● **INSTRUCTIONS TO FOLLOW**
Output the data verbatim, minus the images.

● **DATA SEGMENT**

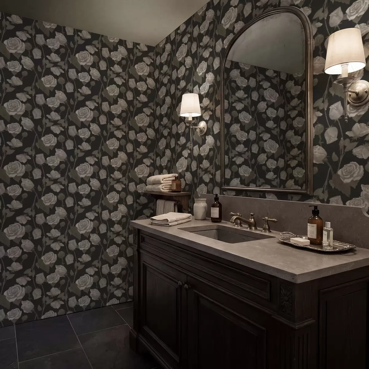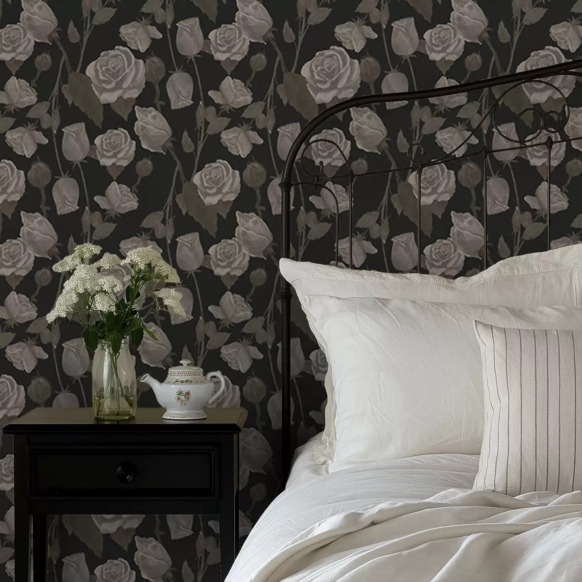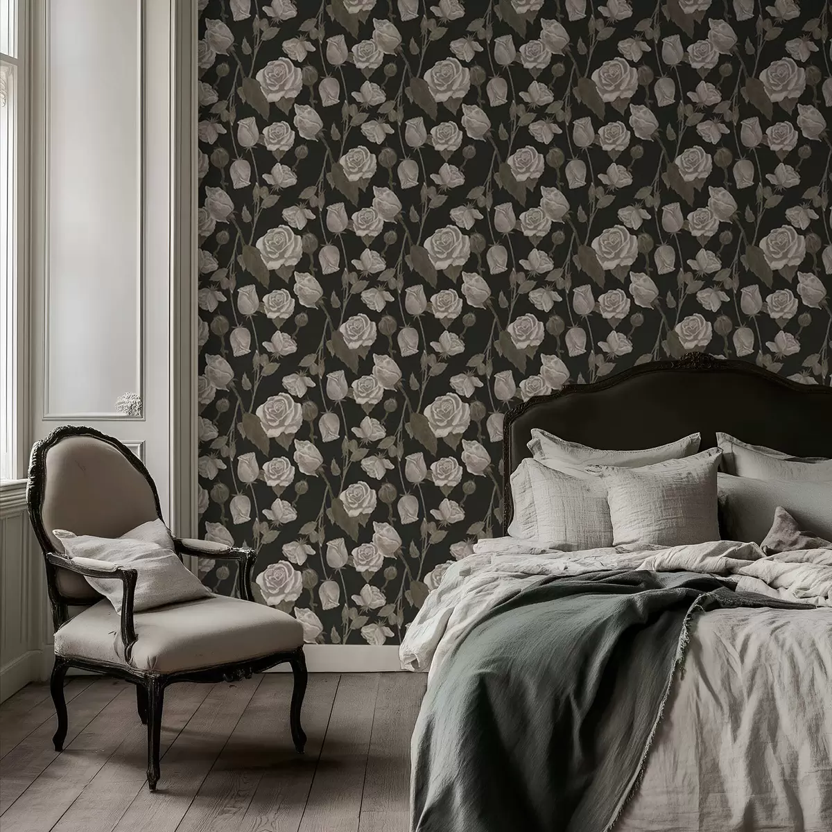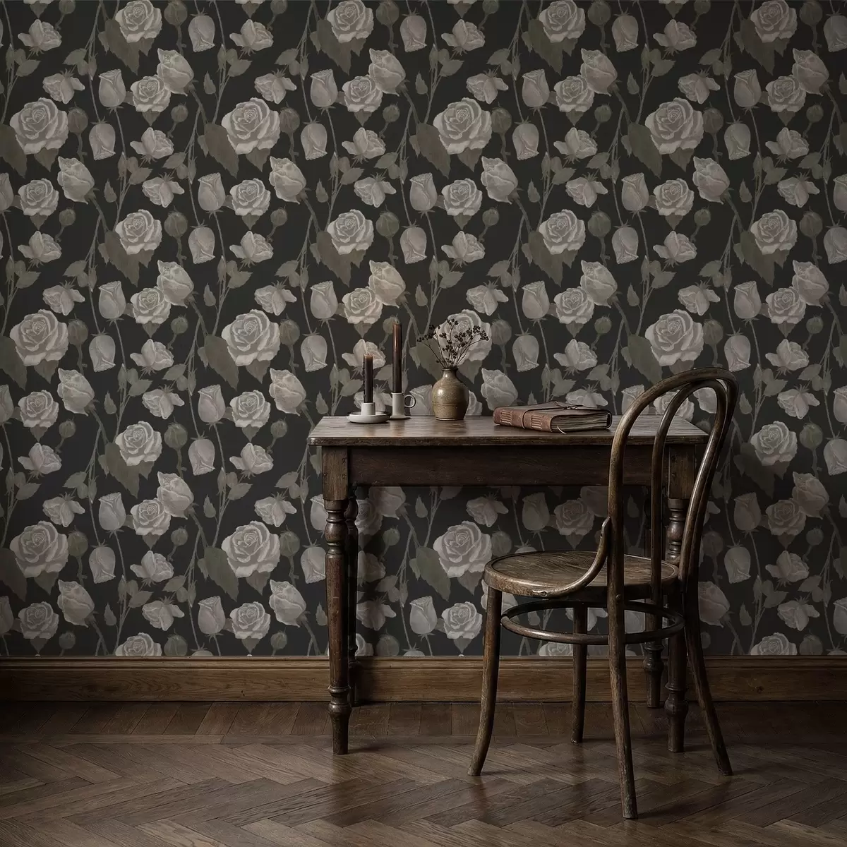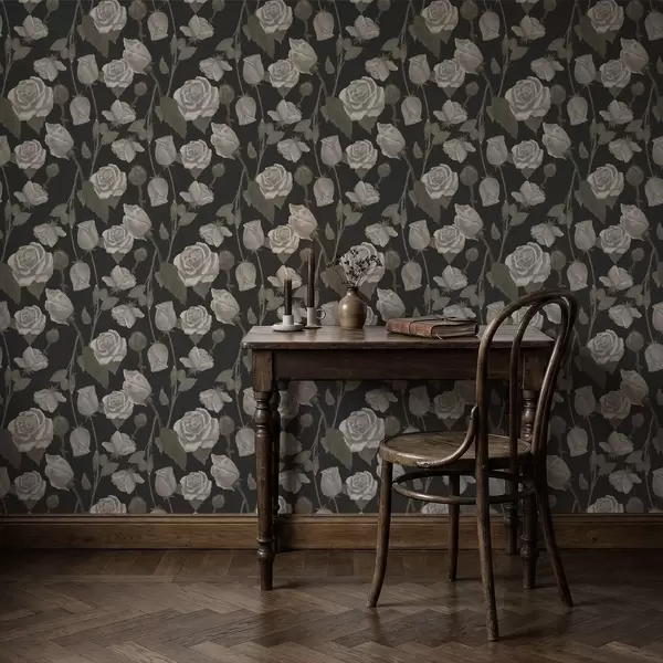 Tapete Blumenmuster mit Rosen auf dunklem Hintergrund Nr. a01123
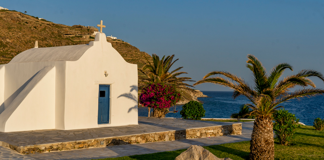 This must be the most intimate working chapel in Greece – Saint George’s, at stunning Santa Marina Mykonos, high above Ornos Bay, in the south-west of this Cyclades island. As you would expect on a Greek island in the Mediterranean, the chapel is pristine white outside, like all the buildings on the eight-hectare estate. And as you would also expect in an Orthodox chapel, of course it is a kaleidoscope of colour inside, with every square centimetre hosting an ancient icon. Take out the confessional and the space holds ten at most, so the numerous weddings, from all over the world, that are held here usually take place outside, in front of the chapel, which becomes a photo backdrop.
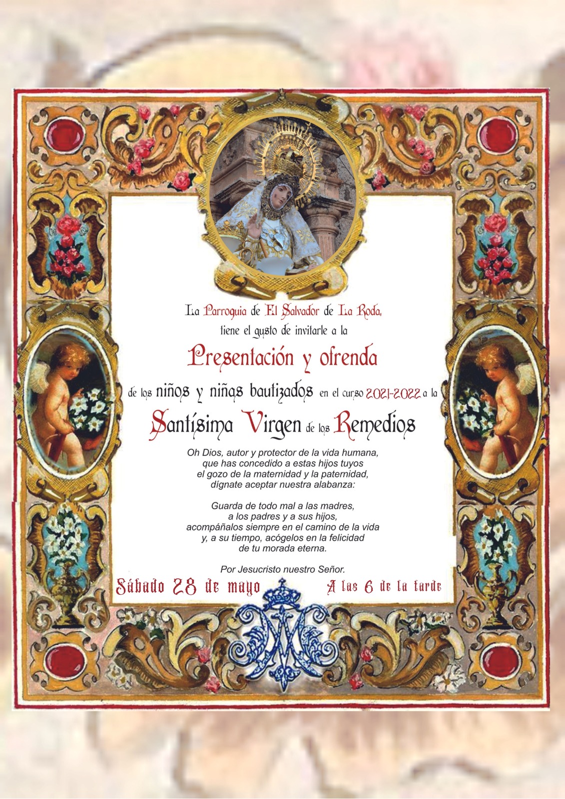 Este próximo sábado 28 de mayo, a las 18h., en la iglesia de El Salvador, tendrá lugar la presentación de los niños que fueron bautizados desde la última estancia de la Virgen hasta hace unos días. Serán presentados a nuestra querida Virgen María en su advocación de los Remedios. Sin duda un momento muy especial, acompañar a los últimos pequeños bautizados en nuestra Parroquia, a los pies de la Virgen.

● **REPLY TO THE TASK**
 Tapete Blumenmuster mit Rosen auf dunklem Hintergrund Nr. a01123
 This must be the most intimate working chapel in Greece – Saint George’s, at stunning Santa Marina Mykonos, high above Ornos Bay, in the south-west of this Cyclades island. As you would expect on a Greek island in the Mediterranean, the chapel is pristine white outside, like all the buildings on the eight-hectare estate. And as you would also expect in an Orthodox chapel, of course it is a kaleidoscope of colour inside, with every square centimetre hosting an ancient icon. Take out the confessional and the space holds ten at most, so the numerous weddings, from all over the world, that are held here usually take place outside, in front of the chapel, which becomes a photo backdrop.
 Este próximo sábado 28 de mayo, a las 18h., en la iglesia de El Salvador, tendrá lugar la presentación de los niños que fueron bautizados desde la última estancia de la Virgen hasta hace unos días. Serán presentados a nuestra querida Virgen María en su advocación de los Remedios. Sin duda un momento muy especial, acompañar a los últimos pequeños bautizados en nuestra Parroquia, a los pies de la Virgen.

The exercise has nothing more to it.